Hakeem Tyrone Dawodu (born July 2, 1991) is a Canadian mixed martial artist, currently signed to Ultimate Fighting Championship and fights in the Featherweight division. He previously competed for the World Series of Fighting.

Early life
Dawodu was born in Calgary to a mother from Nigeria and a father from Jamaica. When he was six years old, his father was deported, forcing his mother to raise him on her own. He had a troubled childhood; he was first placed in a juvenile detention center at the age of 14. Two years later, his counselor placed him in Muay Thai training as a means of controlling his anger.

Mixed martial arts career
His background is in Muay Thai, where he went 42–5 (15 KOs) as an amateur and 9–0 (7 KOs) as a pro.

World Series of Fighting
On February 21, 2014, Dawodu made his professional debut at WSOF Canada 1 against Behrang Yousefi. He won the fight via knockout in the first round.

On June 7, 2014, Dawodu faced Jake Macdonald at WSOF Canada 2. He won the fighting via knockout in the second round.
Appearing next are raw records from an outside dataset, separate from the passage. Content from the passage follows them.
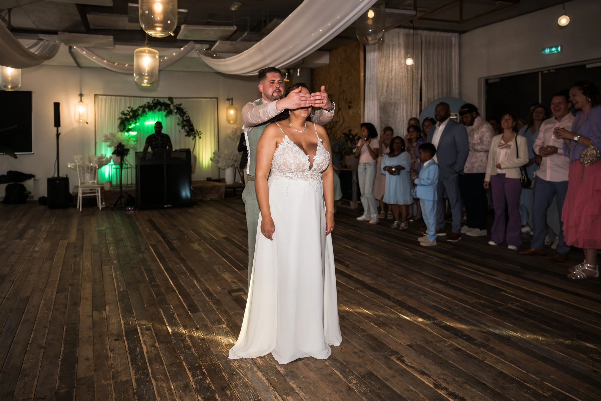 At a wedding reception, a groom covers the eyes of a bride as part of a game, with guests watching and smiling in the background, decorated with draped fabric and warm lighting.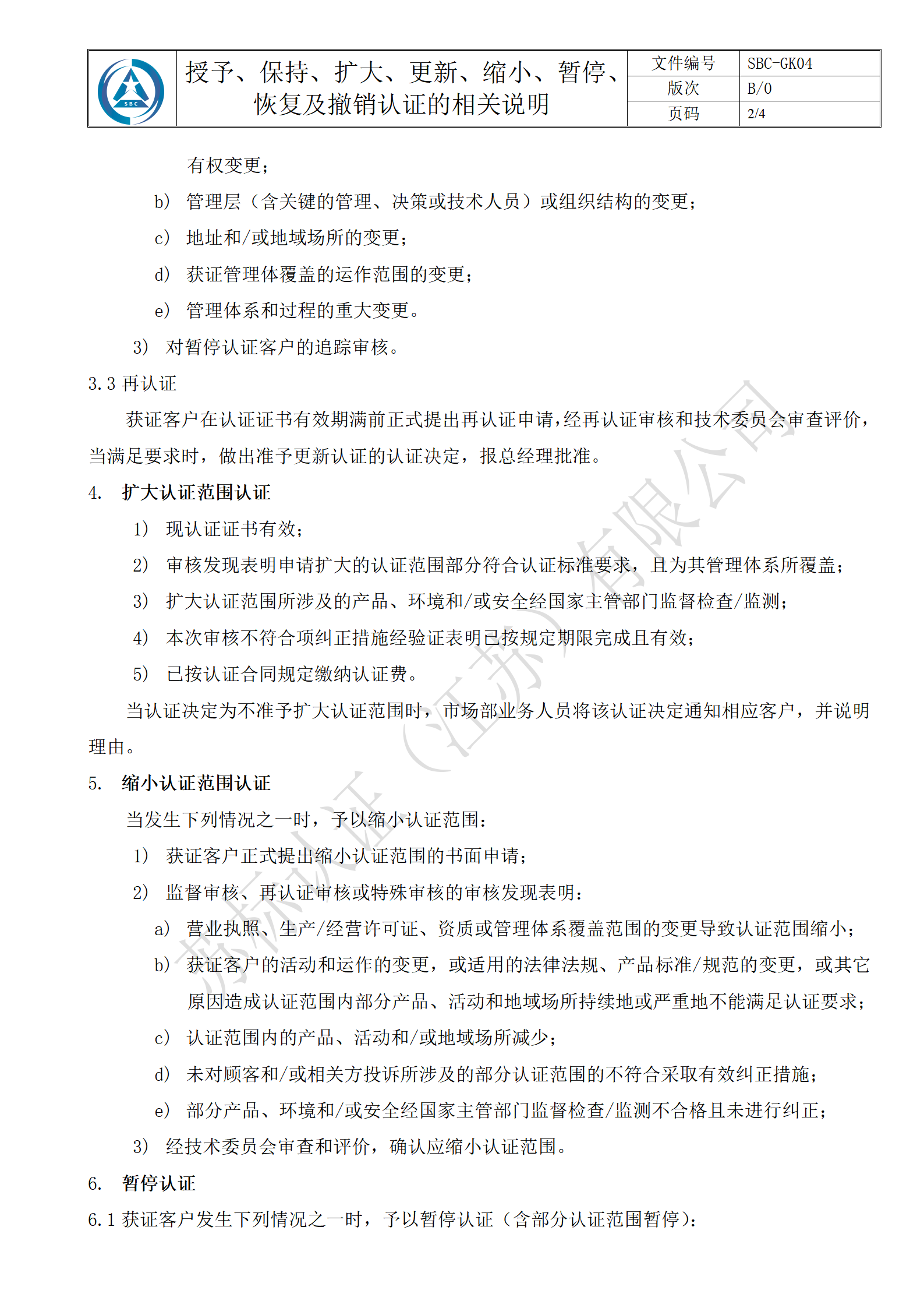 授予、保持、扩大、更新、缩小、暂停、恢复及撤销认证的相关说明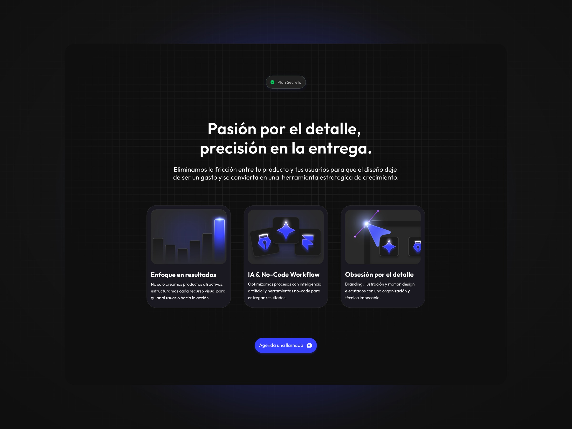 Hey Hey Hey 👋, I've been working on the Dosmas Studios website for a few days and wanted to share one of the sections that I've really enjoyed doing, the truth is I like making this type of bento illustrations. In this section I want to show the client what our mindset is when tackling projects, I prefer to call it the Studio's DNA, focus on conversion, meticulous care in the details, powered by AI and by no‑code.
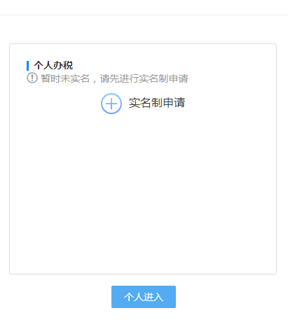 5.? 納稅人進(jìn)入實名申請界面,首先進(jìn)行個人辦稅實名申請,點擊“個人進(jìn)入或?qū)嵜粕暾垺卑粹o。

On October 11, 2014, Dawodu faced Mike Malott at WSOF 14. He won via technical knockout due to punches and elbows in the first round.

On February 11, 2015, Dawodu faced Tristan Johnson at WSOF 18. He won via technical knockout in the third round.
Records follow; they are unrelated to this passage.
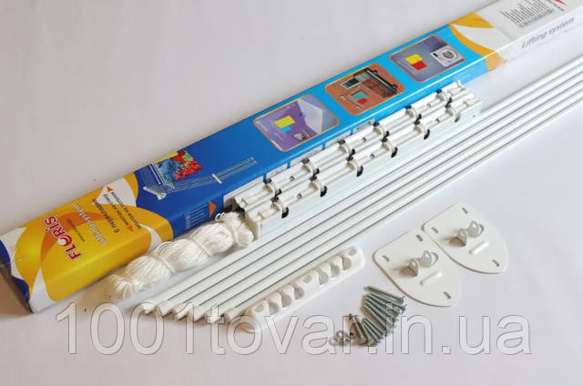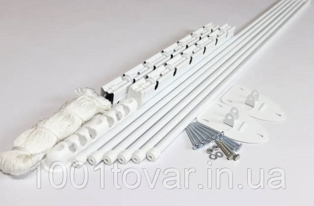 Міцний синтетичний шнур, кронштейни для кріплення на стіну, ролики з поліпропілену, які усувають дефект піщання, шість металевих трубок опускаються за допомогою мотузки, потім вішається білизну, і трубки з білизною піднімаються на максимальну висоту. Трубки піднімаються окремо, незалежно один від одного.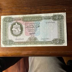 Libysk sedel med värdet en kvarts dinar. Serienummer 2E 174374.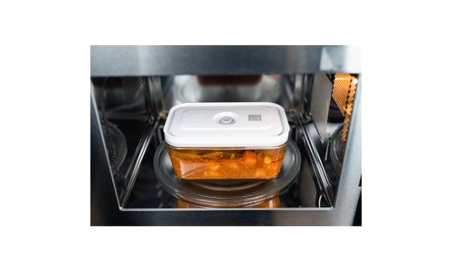 Nog een highlight: de glazen bakjes zijn niet alleen geschikt voor de koelkast en vriezer: dankzij het hoogwaardige borosilicaatglas kun je de bakjes van de set zonder deksel in de oven gebruiken. Zo bereid je gerechten perfect voor in de oven, doe je ze in de bak, koel of vries je ze vacuüm verpakt en warm je ze later op. En de restjes? Je kunt ze gewoon opwarmen in de magnetron of in de oven. Alle containers in de set zijn te koppelen aan de ZWILLING Culinary World App door middel van de QR-code op de deksels. Zo heb je altijd een overzicht van je opgeslagen etenswaren. Goed georganiseerd – met de glazen set van FRESH & SAVE!

On June 5, 2015, Dawodu faced Chuka Willis at WSOF 21. He won via technical knockout due to knees and punches in the second round.

On December 18, 2015, Dawodu faced Marat Magomedov at WSOF 26. The fight ended in a majority draw.
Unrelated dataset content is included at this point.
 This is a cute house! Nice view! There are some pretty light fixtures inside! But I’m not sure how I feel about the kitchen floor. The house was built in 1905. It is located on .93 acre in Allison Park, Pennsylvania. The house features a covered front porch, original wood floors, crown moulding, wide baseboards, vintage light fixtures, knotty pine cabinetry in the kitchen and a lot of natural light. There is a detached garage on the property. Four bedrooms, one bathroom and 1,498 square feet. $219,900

On July 30, 2016, Dawodu faced Marat Magomedov at WSOF 32 in a rematch. He won the fight via technical knockout in the second round.

On March 18, 2017, Dawodu faced UFC vet Steven Siler at WSOF 35. He won the fight via unanimous decision, this marked the first time he gained victory by decision.

Ultimate Fighting Championship
On November 11, 2017, it was announced that Dawodu signed a four fight deal with the UFC.

Dawodu faced Danny Henry on March 17, 2018 at UFC Fight Night 127. He lost the fight via submission in the fight's opening minute.

Dawodu faced Austin Arnett on July 28, 2018 at UFC on Fox 30. He won the fight via unanimous decision.

Dawodu faced Kyle Bochniak on December 8, 2018 at UFC 231. Dawodu won the fight via split decision.

Dawodu faced promotional newcomer Yoshinori Horie on July 27, 2019 at UFC 240 He won the fight via knockout in round three. This win earned him the Performance of the Night award.

Dawodu faced Julio Arce on November 2, 2019 at UFC 244. He won the fight by split decision.

Dawodu faced Zubaira Tukhugov on September 27, 2020 at UFC 253. Tukhugov missed weight, and was subsequently fined a percentage of his purse, which will go to Dawodu. Dawodu won by split decision.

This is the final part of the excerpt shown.